Eventually, relatives came to get me to live with them.  I lost the home, my car, sold most of my useless stuff, and lost much of myself.  I was and am very grateful for my family and their sacrifices, but living with them was not a good solution.  I stayed too long for it to be healthy for any of us.  I found a job thanks to their support, encouragement, and prodding.  I have now moved into a studio, an old hotel room.  It leaves much to be desired, but in many ways it is far healthier for me.  I can be myself, rest as I need, or do what I choose to without inconveniencing anyone, and not feel I have to take part in something I know is not going to be healthy for me.  In short, living on my own has made my life much simpler and serene.

I have way too much stuff crammed into my apartment, so the messy bug followed me, but I can at least make strides on that at my own pace.  I have more stuff, but that is all it is, really, stuff, that I rarely used, likely will not use, or was holding for my family, stored elsewhere.  I cannot drag things around for my family any more.  If they want something, it is up to them to take possession.  The rest needs to be given away, recycled, or trashed in some fashion.  I do not need the burden of dust collecting stuff junking up my peace and health.  

I decided that instead of hanging things on the wall, if I want to decorate, my best option is to paint something on the wall or use appliques.  This reduces the effort of having to take things down, dust them, wash glass, polish wood, and many other cleaning chores.  Why make more work for myself when I have little energy?  Why worry about what others think?  If they do not approve, they need not visit.  That simplifies life, too, because I no longer am worrying about those all-important appearances which can consume people's lives.  

In the kitchen, I tried to reduce the number of pots and pans I keep.  I like cooking, so I probably still have more than other people, and that is fine.  I got rid of my sets of dishes and silverware, and bought a mismatched collection of items for myself.  If I want, I can change it up and make it fun.  These things are cheap at garage sales and thrift stores!  For times when I have company, I have plastic and paper.  I also use these when I am in a funk.  Part of me does not like to do this because I hate all the waste we create, but since it helps me to be healthier, I do it.  
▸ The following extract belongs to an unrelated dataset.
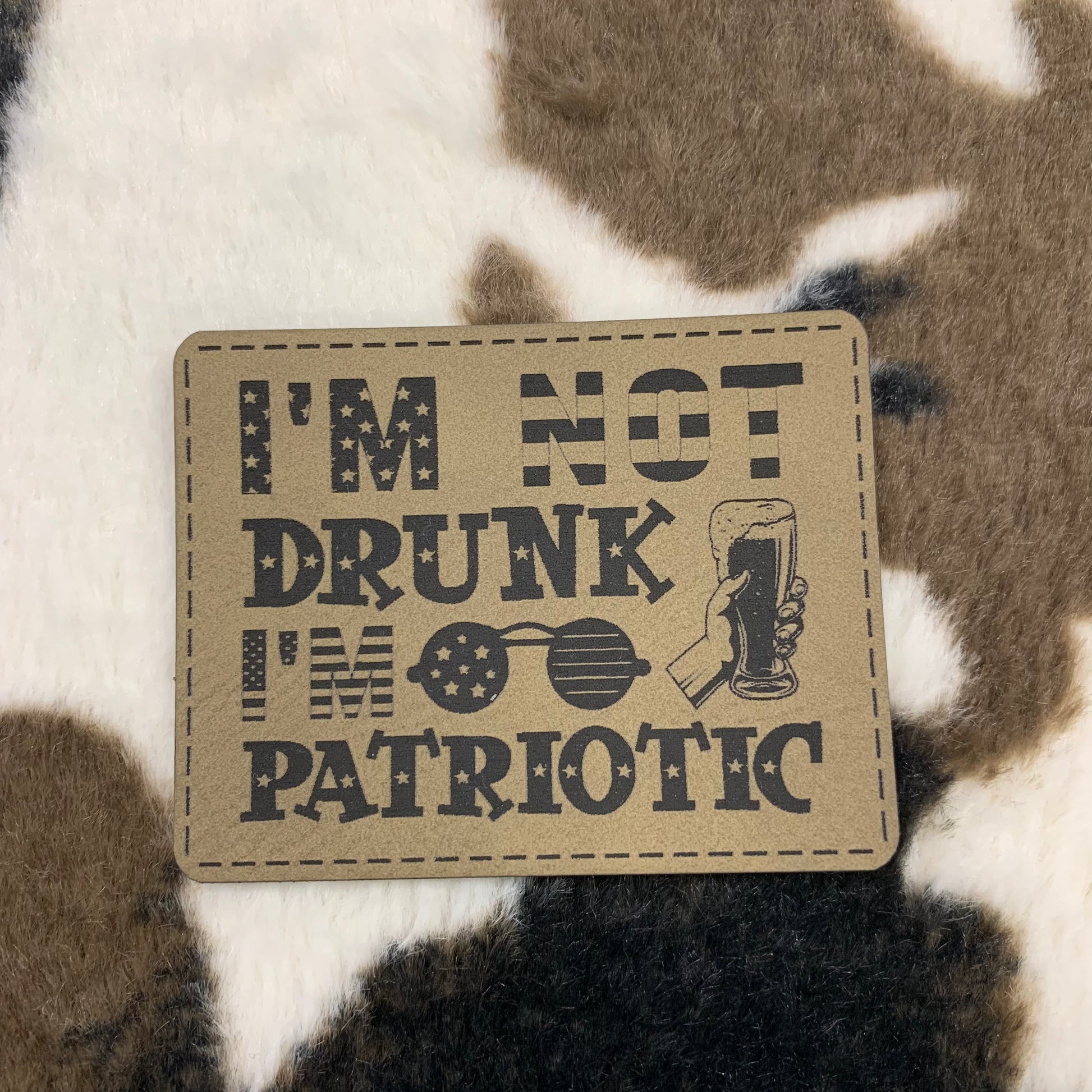 I'm Not Drunk, I'm Patriotic- 2.75" wide x 2.2" tall Leatherette Patch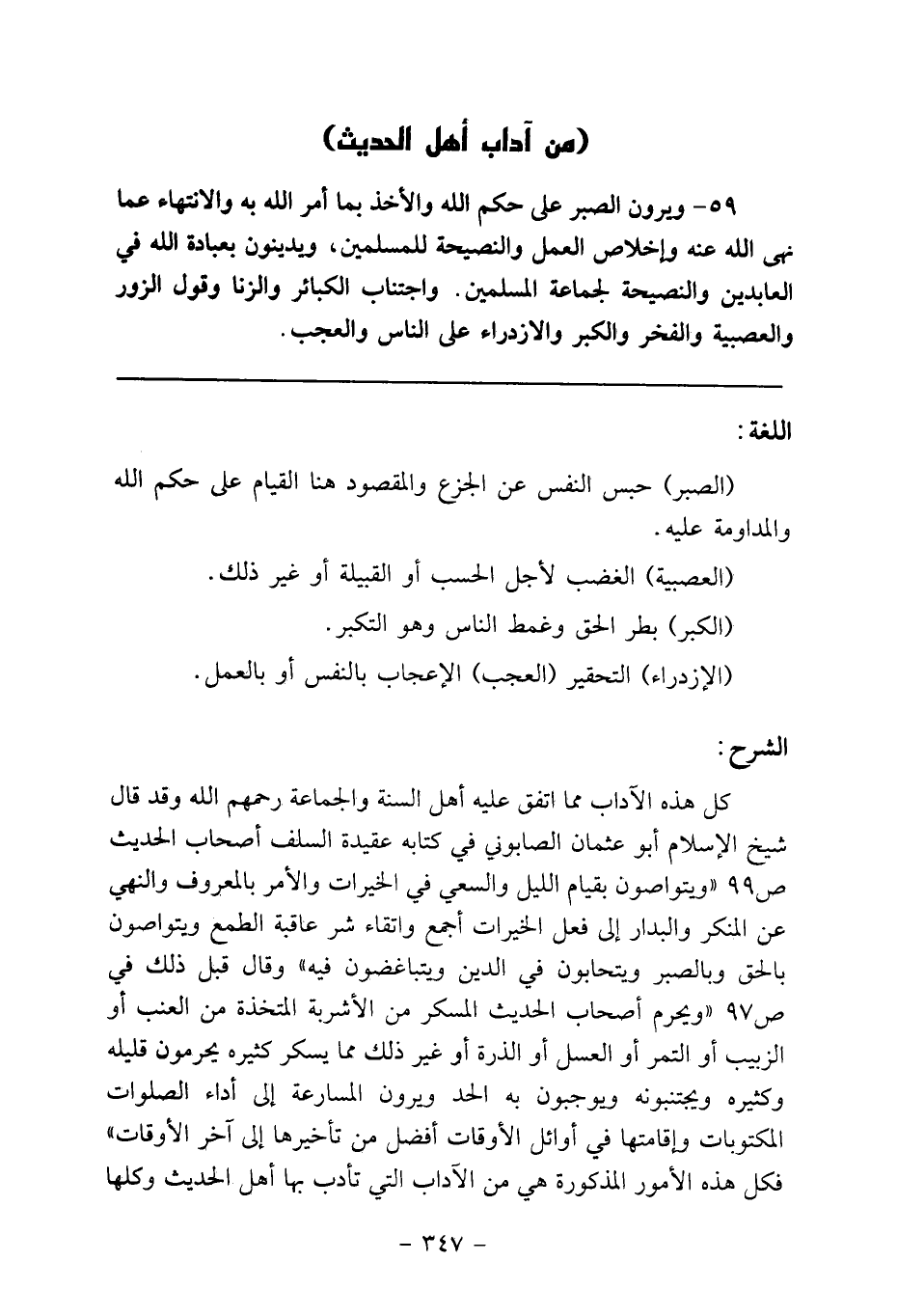59- ويرون الصبر على حكم الله والأخذ بما أمر الله به والانتهاء عما نهى الله عنه وإخلاص العمل والنصيحة للمسلمين، ويدينون بعبادة الله في العابدين والنصيحة لجماعة المسلمين. واجتناب الكبائر والزنا وقول الزور والعصبية والفخر والكبر والازدراء على الناس والعجب.

My vehicle was downsized for me.  This was a good thing.  Why do I need a fancy vehicle I have to wash, spend tons of money on insurance, high car payments, and other maintenance when I can have a perfectly good older car that runs efficiently, has lower cost insurance, no payments, and no more costs for maintenance than the new vehicle?  Pride?  A vehicle is a tool.  It needs to be maintained well.  I need to have a tool to suit my needs.  A simple vehicle can do that.  Sure, I'd like something more than that because of things I'd like to do, but, currently, the reality is I can do neither, so why worry about it?  I will be able to do so again someday if I live more wisely.

I try to think of ways to simplify often.  This thinking is beneficial in its own right.  I am not consumed by it, but I have learned that living simply leaves me with far more contentment and joy than trying to keep up with society's emphasis on materialism.  Why do I need all of those complications?  I am talented and do things quicker with my hands and a simple tool than I can with these fancy gadgets that are coming out all the time.  Why do I want the hassle of having a fancy smart phone where I can be tracked, bothered, and distracted all at the same time?  I do not.  I like thinks simpler now.  Unless something has a good purpose for me, I do not want it complicating my life!